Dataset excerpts

────────────────

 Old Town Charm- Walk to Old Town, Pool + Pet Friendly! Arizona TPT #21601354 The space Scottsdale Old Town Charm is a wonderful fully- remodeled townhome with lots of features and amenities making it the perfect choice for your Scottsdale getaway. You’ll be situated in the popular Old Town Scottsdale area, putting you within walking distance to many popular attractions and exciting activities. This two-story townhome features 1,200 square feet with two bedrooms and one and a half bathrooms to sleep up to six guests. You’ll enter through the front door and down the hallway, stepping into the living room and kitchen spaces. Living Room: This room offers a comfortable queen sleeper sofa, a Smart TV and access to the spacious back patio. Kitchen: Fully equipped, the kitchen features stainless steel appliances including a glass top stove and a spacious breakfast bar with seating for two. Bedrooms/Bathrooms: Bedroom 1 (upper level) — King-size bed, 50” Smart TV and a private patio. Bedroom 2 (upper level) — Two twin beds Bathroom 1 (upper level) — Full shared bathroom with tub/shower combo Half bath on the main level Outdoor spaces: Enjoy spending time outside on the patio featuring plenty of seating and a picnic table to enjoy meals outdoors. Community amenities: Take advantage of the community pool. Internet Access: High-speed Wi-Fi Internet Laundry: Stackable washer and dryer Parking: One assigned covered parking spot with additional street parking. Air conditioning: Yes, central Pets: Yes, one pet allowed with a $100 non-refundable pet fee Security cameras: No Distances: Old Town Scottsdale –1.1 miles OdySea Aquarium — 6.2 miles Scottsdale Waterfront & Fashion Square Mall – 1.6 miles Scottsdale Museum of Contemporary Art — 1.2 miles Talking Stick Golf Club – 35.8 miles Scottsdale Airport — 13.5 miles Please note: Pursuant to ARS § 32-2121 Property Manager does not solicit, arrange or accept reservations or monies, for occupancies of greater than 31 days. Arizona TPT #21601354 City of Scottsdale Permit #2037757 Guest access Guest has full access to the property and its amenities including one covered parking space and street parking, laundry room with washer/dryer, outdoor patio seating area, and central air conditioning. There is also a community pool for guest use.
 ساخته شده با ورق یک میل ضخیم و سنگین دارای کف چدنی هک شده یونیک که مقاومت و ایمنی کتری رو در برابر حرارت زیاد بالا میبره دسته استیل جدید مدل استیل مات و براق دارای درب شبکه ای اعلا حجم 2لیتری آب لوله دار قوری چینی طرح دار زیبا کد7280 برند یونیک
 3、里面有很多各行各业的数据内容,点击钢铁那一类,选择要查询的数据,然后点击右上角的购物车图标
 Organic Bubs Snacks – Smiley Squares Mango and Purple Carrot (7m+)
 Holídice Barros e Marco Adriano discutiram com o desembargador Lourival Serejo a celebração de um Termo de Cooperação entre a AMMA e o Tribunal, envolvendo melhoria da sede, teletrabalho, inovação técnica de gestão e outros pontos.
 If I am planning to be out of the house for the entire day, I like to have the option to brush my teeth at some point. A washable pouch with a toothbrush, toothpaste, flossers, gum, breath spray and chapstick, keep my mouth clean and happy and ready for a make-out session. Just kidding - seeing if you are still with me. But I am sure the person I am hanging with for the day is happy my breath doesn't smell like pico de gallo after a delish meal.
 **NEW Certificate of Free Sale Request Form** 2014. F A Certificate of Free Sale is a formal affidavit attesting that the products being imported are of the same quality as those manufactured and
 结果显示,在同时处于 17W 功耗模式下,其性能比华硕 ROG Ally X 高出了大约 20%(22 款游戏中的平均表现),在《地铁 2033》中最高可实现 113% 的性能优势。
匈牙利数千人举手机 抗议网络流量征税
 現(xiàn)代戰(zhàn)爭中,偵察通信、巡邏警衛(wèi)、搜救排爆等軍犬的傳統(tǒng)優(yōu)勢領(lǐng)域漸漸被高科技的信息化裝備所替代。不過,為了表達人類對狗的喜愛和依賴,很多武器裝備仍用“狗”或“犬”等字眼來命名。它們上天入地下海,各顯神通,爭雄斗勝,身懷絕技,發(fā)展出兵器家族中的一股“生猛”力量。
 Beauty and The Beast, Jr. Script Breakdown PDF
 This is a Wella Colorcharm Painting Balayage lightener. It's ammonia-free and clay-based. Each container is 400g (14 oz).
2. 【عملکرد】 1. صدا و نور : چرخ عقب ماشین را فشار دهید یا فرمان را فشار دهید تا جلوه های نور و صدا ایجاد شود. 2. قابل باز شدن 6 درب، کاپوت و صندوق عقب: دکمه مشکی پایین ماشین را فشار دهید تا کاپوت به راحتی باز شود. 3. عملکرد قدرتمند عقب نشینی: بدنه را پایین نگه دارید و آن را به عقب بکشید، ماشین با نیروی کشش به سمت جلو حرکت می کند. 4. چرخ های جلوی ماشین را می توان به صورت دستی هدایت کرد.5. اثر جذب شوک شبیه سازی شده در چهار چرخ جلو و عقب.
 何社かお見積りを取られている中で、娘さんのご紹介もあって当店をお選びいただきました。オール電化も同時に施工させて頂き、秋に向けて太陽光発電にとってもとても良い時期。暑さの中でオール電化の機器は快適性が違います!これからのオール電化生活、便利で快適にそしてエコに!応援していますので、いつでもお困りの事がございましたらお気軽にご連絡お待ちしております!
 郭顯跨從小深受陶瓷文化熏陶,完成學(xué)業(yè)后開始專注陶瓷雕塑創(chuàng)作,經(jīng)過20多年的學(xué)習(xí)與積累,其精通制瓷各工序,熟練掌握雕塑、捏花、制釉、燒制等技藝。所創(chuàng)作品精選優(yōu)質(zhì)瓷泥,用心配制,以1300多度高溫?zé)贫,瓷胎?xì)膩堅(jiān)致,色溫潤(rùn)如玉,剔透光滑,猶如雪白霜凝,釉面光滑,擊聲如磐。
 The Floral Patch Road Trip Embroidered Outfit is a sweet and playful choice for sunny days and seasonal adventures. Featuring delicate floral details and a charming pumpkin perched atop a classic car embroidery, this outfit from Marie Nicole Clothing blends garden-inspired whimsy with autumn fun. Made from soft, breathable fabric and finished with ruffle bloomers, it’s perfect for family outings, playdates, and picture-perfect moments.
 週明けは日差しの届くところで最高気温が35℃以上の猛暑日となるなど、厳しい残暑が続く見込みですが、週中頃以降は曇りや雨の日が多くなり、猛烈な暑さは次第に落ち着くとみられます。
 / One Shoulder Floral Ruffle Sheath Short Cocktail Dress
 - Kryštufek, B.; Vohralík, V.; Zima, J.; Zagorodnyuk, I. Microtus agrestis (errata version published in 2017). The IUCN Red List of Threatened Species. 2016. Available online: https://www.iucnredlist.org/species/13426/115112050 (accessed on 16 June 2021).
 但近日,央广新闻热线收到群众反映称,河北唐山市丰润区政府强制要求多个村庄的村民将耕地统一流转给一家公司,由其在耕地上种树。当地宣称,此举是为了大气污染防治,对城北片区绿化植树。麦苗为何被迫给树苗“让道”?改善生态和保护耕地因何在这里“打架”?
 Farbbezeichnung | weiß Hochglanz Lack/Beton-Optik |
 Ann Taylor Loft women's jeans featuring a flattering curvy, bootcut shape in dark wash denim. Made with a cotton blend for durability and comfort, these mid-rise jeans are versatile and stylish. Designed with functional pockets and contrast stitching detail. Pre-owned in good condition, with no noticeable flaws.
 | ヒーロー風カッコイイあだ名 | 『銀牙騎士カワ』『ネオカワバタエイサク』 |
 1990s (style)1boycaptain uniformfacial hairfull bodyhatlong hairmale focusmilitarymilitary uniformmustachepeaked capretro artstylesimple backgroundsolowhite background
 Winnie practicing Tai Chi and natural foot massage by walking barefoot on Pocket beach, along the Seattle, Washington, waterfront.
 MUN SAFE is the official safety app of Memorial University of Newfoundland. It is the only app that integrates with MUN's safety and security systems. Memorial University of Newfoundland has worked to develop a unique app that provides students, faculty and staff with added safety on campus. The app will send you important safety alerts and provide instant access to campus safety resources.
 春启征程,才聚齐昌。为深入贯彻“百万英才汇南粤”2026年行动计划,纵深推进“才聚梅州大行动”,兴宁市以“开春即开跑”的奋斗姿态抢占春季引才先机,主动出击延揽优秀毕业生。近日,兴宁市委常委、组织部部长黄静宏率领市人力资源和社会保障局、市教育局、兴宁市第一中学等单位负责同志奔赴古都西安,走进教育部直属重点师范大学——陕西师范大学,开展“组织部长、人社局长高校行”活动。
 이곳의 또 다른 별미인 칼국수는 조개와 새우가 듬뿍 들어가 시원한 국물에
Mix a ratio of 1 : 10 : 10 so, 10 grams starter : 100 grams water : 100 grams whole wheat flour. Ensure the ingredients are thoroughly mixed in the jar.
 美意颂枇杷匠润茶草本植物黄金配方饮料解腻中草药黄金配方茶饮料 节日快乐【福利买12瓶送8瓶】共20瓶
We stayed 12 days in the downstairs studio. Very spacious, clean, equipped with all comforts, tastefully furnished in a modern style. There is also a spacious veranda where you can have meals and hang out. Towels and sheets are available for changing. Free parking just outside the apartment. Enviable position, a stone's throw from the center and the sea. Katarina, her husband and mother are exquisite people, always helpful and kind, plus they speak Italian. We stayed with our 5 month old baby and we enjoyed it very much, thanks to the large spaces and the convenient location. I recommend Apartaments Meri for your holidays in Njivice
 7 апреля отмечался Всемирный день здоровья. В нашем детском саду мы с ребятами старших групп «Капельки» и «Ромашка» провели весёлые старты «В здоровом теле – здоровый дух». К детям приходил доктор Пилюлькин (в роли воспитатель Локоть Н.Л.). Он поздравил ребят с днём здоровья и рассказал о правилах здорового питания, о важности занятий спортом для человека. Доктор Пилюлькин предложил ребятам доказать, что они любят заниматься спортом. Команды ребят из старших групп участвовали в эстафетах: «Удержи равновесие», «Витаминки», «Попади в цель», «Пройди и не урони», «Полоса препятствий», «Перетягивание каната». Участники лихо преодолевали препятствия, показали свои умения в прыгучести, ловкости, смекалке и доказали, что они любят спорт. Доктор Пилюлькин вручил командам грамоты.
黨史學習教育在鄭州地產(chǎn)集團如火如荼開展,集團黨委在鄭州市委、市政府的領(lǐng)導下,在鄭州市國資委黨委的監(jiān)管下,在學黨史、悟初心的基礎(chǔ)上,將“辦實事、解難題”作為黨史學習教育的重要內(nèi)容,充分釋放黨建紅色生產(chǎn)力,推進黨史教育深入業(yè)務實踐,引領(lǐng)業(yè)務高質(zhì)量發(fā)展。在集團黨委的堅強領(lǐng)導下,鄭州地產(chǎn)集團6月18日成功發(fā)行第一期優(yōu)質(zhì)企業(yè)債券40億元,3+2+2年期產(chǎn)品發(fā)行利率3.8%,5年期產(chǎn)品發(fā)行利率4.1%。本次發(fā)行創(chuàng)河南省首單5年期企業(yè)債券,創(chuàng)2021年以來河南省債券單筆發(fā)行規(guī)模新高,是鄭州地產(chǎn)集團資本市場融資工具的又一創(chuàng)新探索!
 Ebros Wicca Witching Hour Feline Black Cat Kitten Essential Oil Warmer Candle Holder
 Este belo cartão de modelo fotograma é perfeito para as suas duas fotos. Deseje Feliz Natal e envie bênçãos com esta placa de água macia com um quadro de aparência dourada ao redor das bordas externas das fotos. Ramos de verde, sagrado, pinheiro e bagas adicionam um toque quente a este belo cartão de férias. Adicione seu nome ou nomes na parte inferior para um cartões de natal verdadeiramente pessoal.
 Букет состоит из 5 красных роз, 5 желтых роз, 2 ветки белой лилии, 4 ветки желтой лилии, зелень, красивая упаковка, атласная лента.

────────────────

Starting at the line that has "- Kryštufek, B.;" and ending at the line that has "但近日,央广新闻热线收到群众", please write out the lines above exactly, leaving out all others.

 - Kryštufek, B.; Vohralík, V.; Zima, J.; Zagorodnyuk, I. Microtus agrestis (errata version published in 2017). The IUCN Red List of Threatened Species. 2016. Available online: https://www.iucnredlist.org/species/13426/115112050 (accessed on 16 June 2021).
 但近日,央广新闻热线收到群众反映称,河北唐山市丰润区政府强制要求多个村庄的村民将耕地统一流转给一家公司,由其在耕地上种树。当地宣称,此举是为了大气污染防治,对城北片区绿化植树。麦苗为何被迫给树苗“让道”?改善生态和保护耕地因何在这里“打架”?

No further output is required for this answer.